About this exercise: Copy everything in the data below exactly except the pictures.

Data section:
◆ ◆ ◆

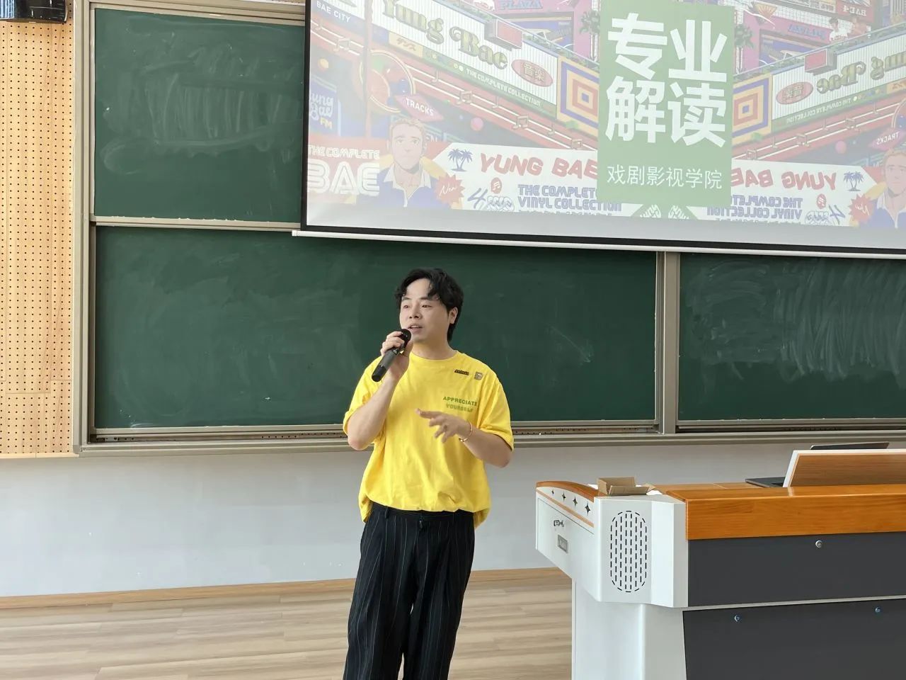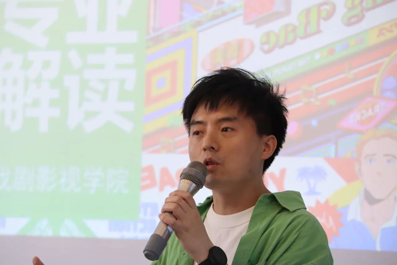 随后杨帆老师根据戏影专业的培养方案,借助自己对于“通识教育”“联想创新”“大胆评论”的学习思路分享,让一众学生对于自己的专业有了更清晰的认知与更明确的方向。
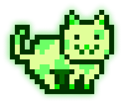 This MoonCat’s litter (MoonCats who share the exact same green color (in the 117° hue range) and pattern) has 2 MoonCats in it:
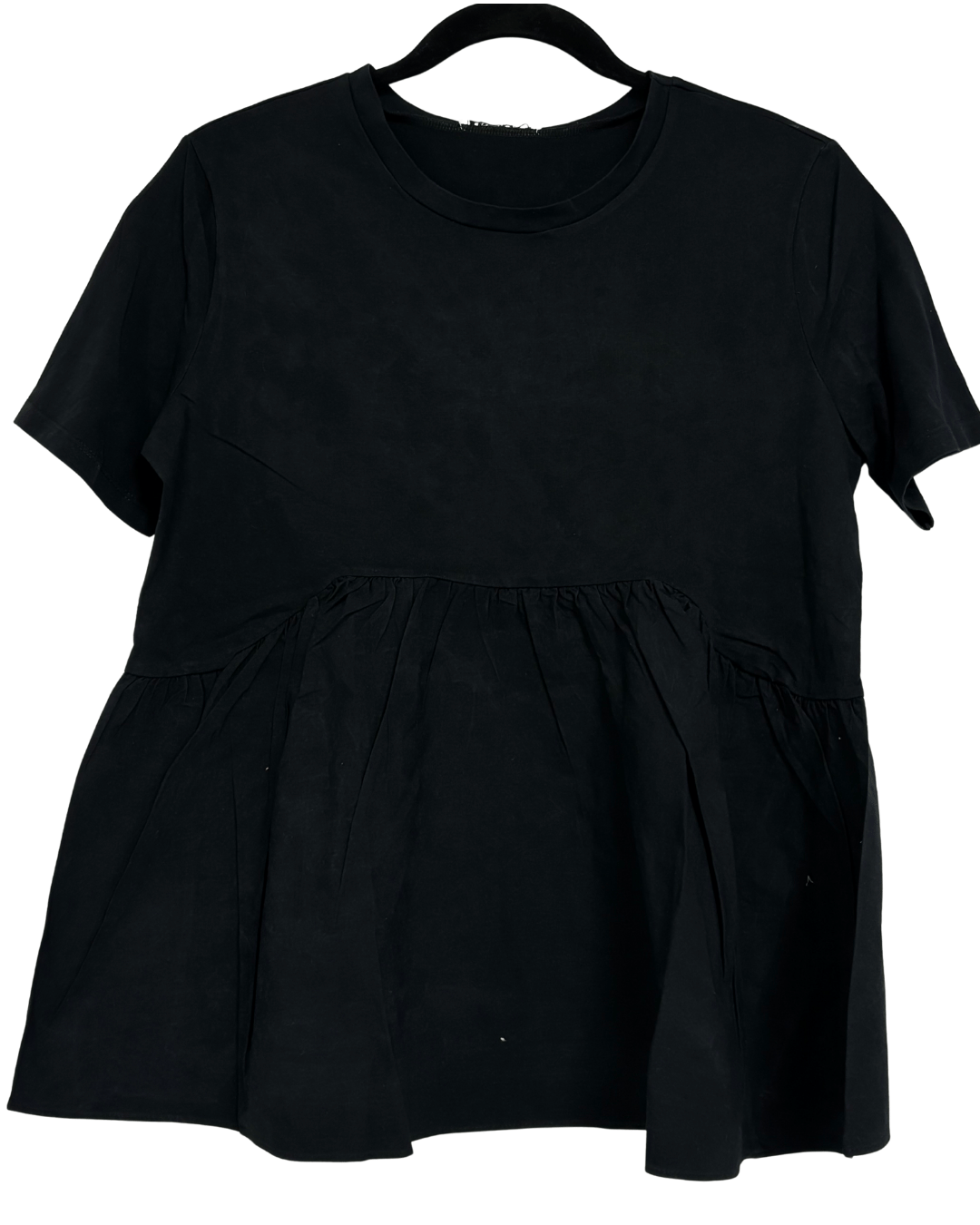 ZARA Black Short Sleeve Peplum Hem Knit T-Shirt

◆ ◆ ◆

Exercise response:
 随后杨帆老师根据戏影专业的培养方案,借助自己对于“通识教育”“联想创新”“大胆评论”的学习思路分享,让一众学生对于自己的专业有了更清晰的认知与更明确的方向。
 This MoonCat’s litter (MoonCats who share the exact same green color (in the 117° hue range) and pattern) has 2 MoonCats in it:
 ZARA Black Short Sleeve Peplum Hem Knit T-Shirt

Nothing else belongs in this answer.